The devout Muslim woman at the center of the controversy about the wearing, or not, of the face-covering niqab during public, Canadian citizenship oath-taking ceremonies said it best:
“I can’t even make sense of the statement, what the lawyer said about it, that it’s not mandatory,” a somewhat astonished – and for a few moments, speechless – Zunera Ishaq said earlier this week after a Federal Court of Appeal panel of three judges ruled against the Harper government’s ban on the wearing of the niqab.
If it’s not mandatory, Ishaq wondered, what’s “all this fuss” about?
What indeed?
The three Justices were also left scratching their heads, after a Canadian government lawyer finally revealed, on the record, in a court of law, that the Harper government hasn’t had a legal leg to stand on since former Immigration minister Jason Kenney came up with the face-covering ban idea in 2011 and issued a “directive.”
It was never meant to be mandatory, Justice Department lawyer Peter Southey told the appeal court justices, even though he also argued unsuccessfully that the Federal Court judge who ruled the ban was unlawful earlier this year made errors of judgment.
The directive was discretionary, depending on whether or not the person taking the oath wants to remove the niqab or not. In fact citizenship judges presiding over the ceremony are supposed to give people the most leeway possible to express their personal freedom as they take the oath.
Yet, Harper government spokesmen, from the Prime Minister on down, have long talked and behaved as if the niqab ban was anything but discretionary, that it was indeed mandatory. And they still do.
For example Tory MP Costas Menegakis, parliamentary secretary to the minister of citizenship and immigration, has said, “I think for the citizenship ceremony, someone needs to identify themselves. We need to know who they are.”
But we now know just before taking the public oath new Canadians undergo a thorough, private interview that requires them to show documentation proving their identity, and remove any face-covering. Ishaq would have removed her niqab during that interview. But she declined to remove it to take the oath, believing that was her right.

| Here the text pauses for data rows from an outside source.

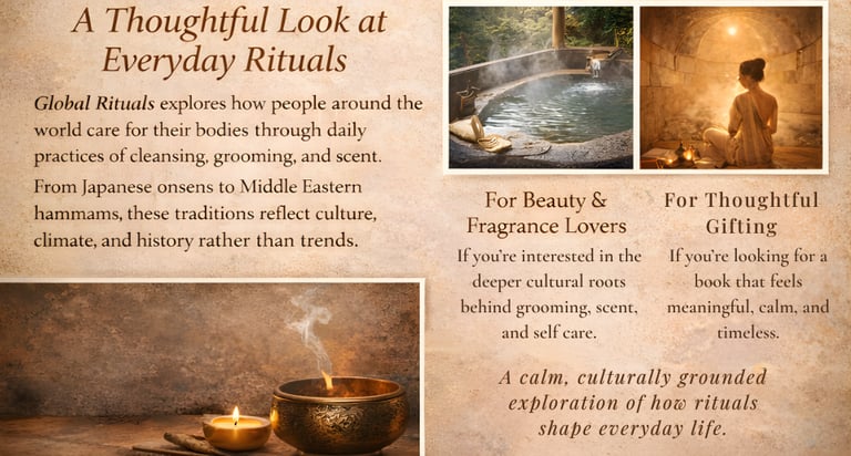 We will travel from the heat of Moroccan hammams and the glow of South Asian oil rituals to East Asian skincare philosophies, African exfoliation practices, and modern perfume layering. Global Rituals is for readers who want self-care to feel intentional, alive, and deeply rooted in tradition.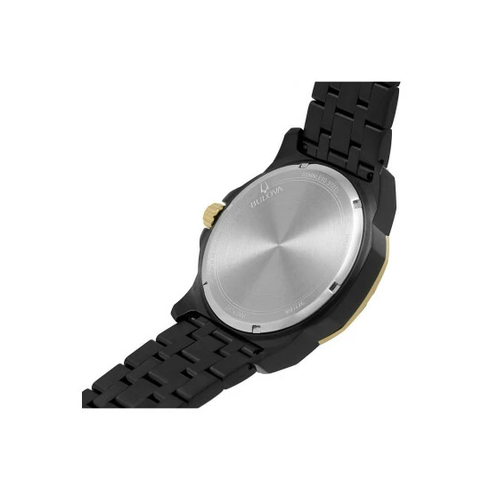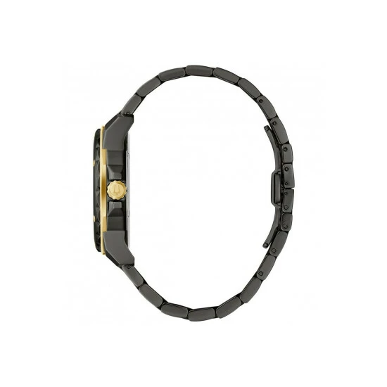 Primary Material : Stainless Steel | Case depth approx : 12.33mm | Case width approx : 44.00mm | Case shape : Circle | Strap type : Metal bracelet | Strap colour : Black | Clasp type : Deployment | Dial colour : Black | Glass : Mineral | Movement : Quartz | Movement Source : China | Water Resistance : 100 metres | Guarantee : 3 YEARS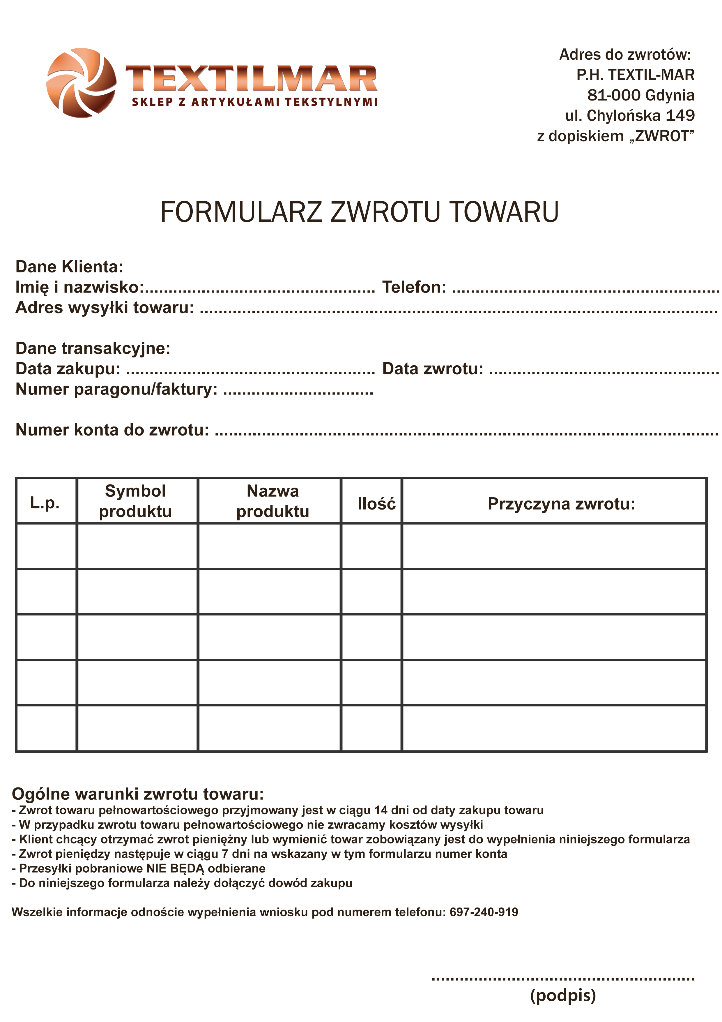 7.4 Oświadczenie o którym mowa w ust. 3 Konsument wysyła przesyłką poleconą na adres: "Marek Nawrocki Przedsiębiorstowo Handlowe TEXTIL-MAR", ul. Chylońska 149, 81-000 Gdynia z dopiskiem „ODSTĄPIENIE OD UMOWY”.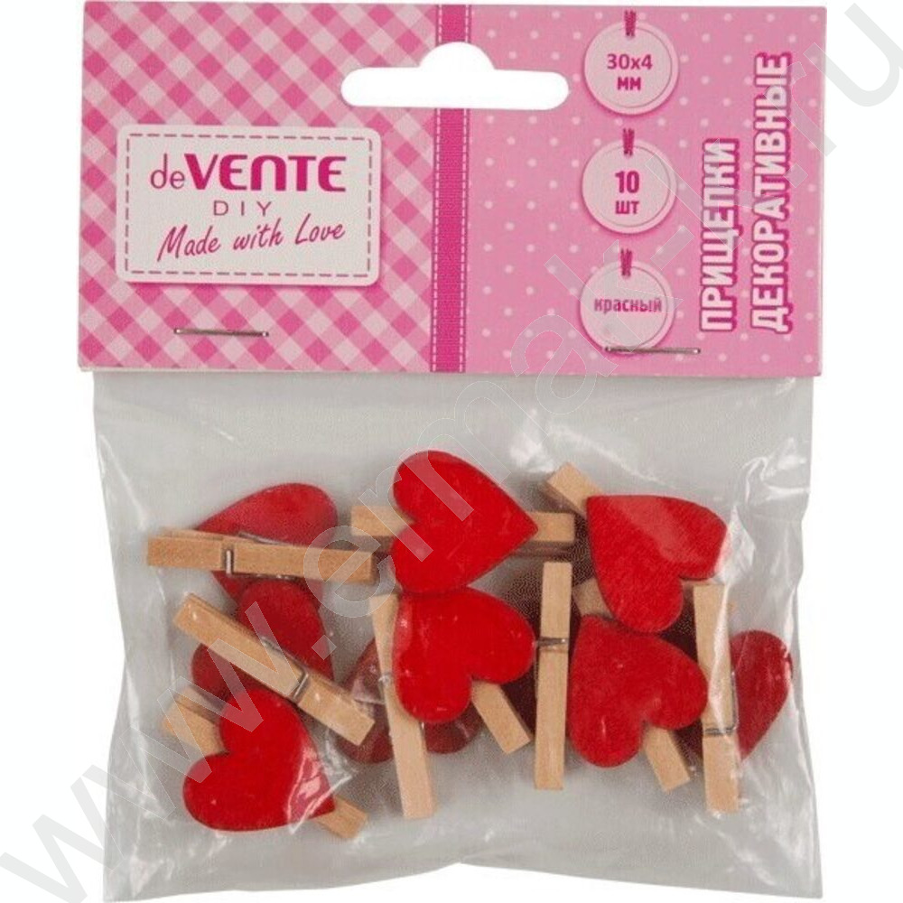 Прищепки декоративные "Hearts" 3*0,4см 10шт, дерево /красные /блистер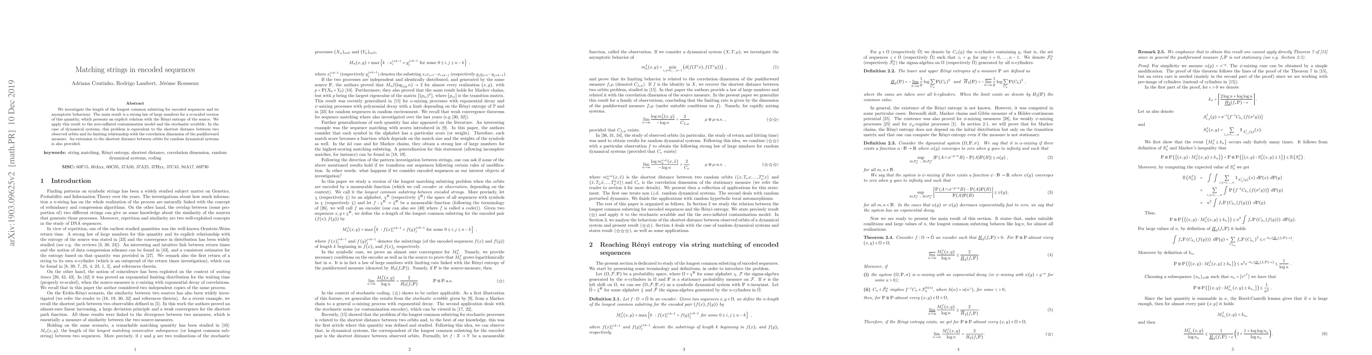 This research paper investigates how to match strings in encoded sequences, finding a strong law of large numbers that relates the matching quantity to Rényi entropy, with implications for dynamical systems and random processes.

She has continued to stand up for her freedom of choice in this matter. And now that the Harper government has vowed to take her to the Supreme Court, she will no doubt continue to do that.
Stephen Harper has called it “offensive” that anyone should decline to uncover their face to take the oath of citizenship.
I find it offensive that in the absence of any law supporting a niqab ban Harper would say such a thing.
Former Immigration minister Kenney, now seeking re-election as a Conservative candidate in Calgary, may be right that the “vast majority” of Canadians, even Muslim Canadians, support the niqab ban.
So what? He should know if it has no basis in law, that’s all that matters. Canada is not a dictatorship, not even an elected one. The federal appeal court had no basis to make any other decision, and that was clear enough within a few hours, clear enough for the justices to make a relatively rare ruling that same day.
The Harper Conservatives already knew the niqab ban had no basis in law. It introduced legislation, the Oath of Citizenship Act, just before the election was called. It died on the order paper along with a number of other bills. But they have vowed to reintroduce it within 100 days if re-elected.
So, in that case, why, after this week’s court ruling, have they also vowed to appeal that decision to the Supreme Court?
It makes no sense.
So why? What is all “the fuss” about at this stage, as Zunera Ishaq wondered.
It’s about the fact we’re in the midst of a federal election campaign and the Harper Conservative re-election campaign has decided the thing that’s going to snatch victory from the jaws of defeat is to keep playing the anti-Islamic vote.
For the same reason thousands of Syrian and other migrant-refugees, most of whom are Muslims, will continue to face too many bureaucratic obstacles getting into Canada, a country that once welcomed poor and oppressed immigrants and refugees.
It’s a cynical political game the Conservatives are playing, based on a low opinion of the intelligence of Canadians. I hope we prove them wrong on Oct. 19.